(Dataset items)
____________________

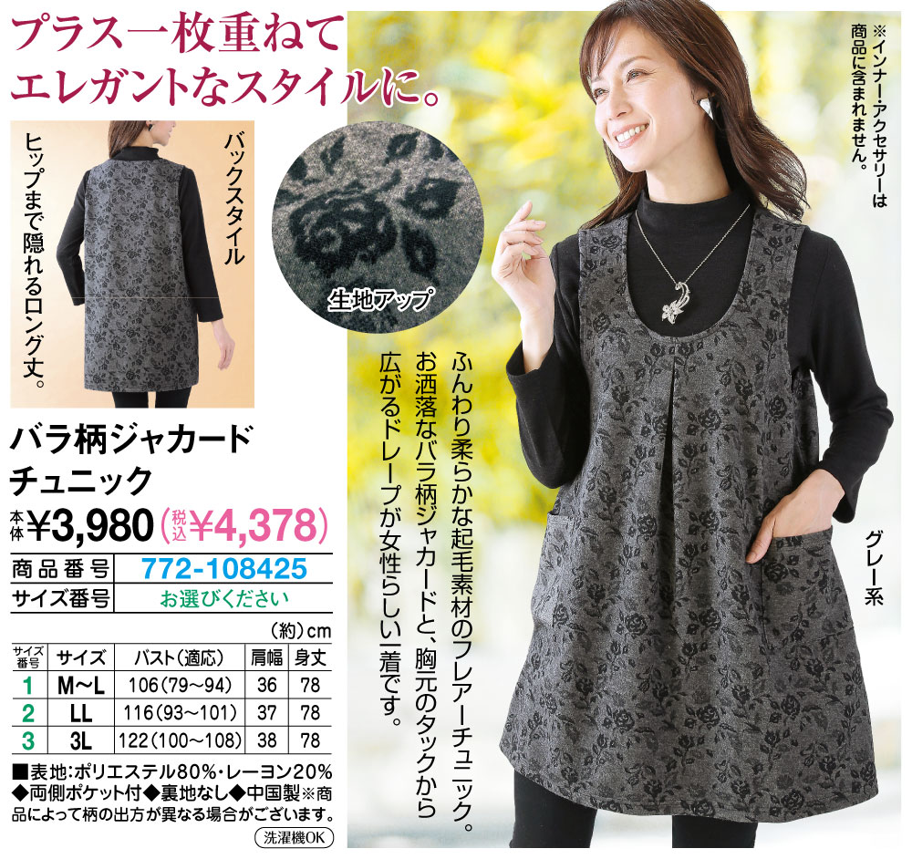 プラス一枚重ねてエレガントなスタイルに! ふんわり柔らかな起毛素材のフレアーチュニック。 お洒落なバラ柄ジャカードと、胸元のタックから広がるドレープが女性らしい一着です。 ヒップまで隠れるロング丈。
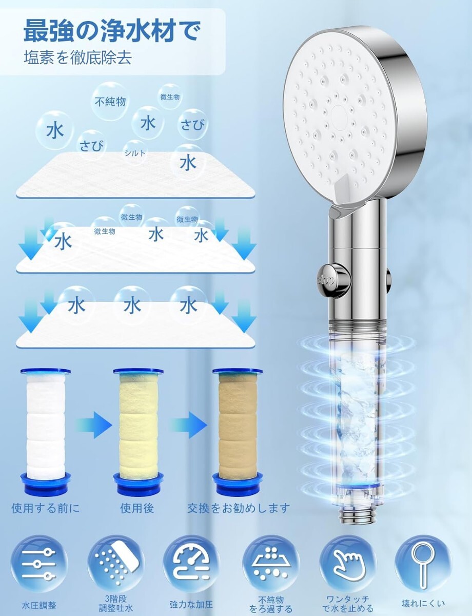 【塩素除去で髪も肌もやさしくケア】綿製の浄水カートリッジを内蔵し、さらに国際標準の高品質浄水素材を充填。水道水に残る塩素や微細な不純物・堆積物を徹底的に除去します。敏感肌やお子様の肌にもやさしく、髪のキシみや乾燥を防ぐ安心設計です。
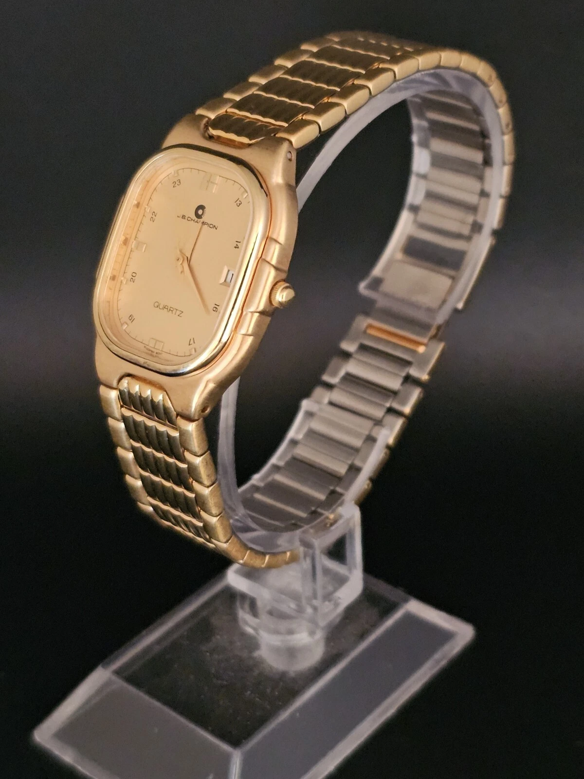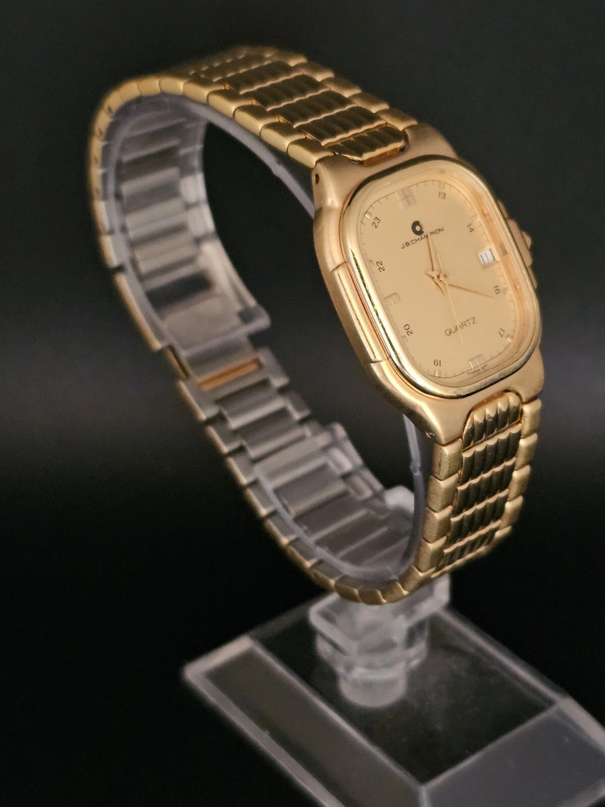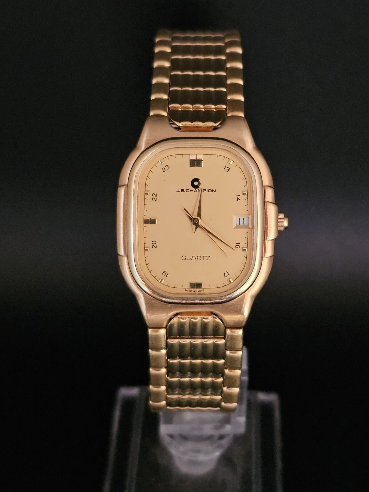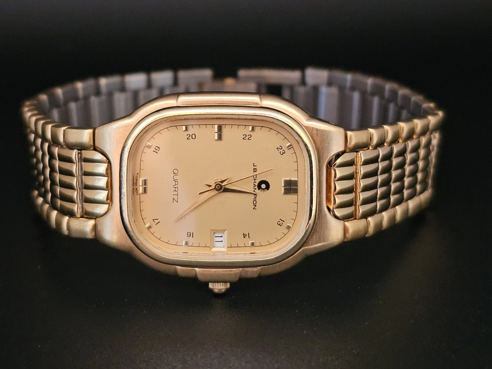 Vintage 90s JB. Champion Mens Classic Goldtone Date Watch Stainless Steel Band
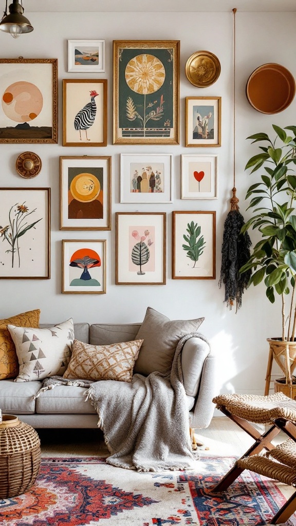 A cozy living room with an eclectic wall art display, featuring various framed artworks and a comfortable sofa.
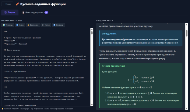 - Пользовательские шаблоны: ручное создание уникальных вариантов через встроенный Markdown-редактор, поддерживающий рендеринг математических формул и предпросмотр в реальном времени.

____________________

- **WORK ITEM**
Produce an exact copy of the lines from the line containing "Vintage 90s JB." through the last line of the records, with no pictures and no other text.

- **RESPONSE**
 Vintage 90s JB. Champion Mens Classic Goldtone Date Watch Stainless Steel Band
 A cozy living room with an eclectic wall art display, featuring various framed artworks and a comfortable sofa.
 - Пользовательские шаблоны: ручное создание уникальных вариантов через встроенный Markdown-редактор, поддерживающий рендеринг математических формул и предпросмотр в реальном времени.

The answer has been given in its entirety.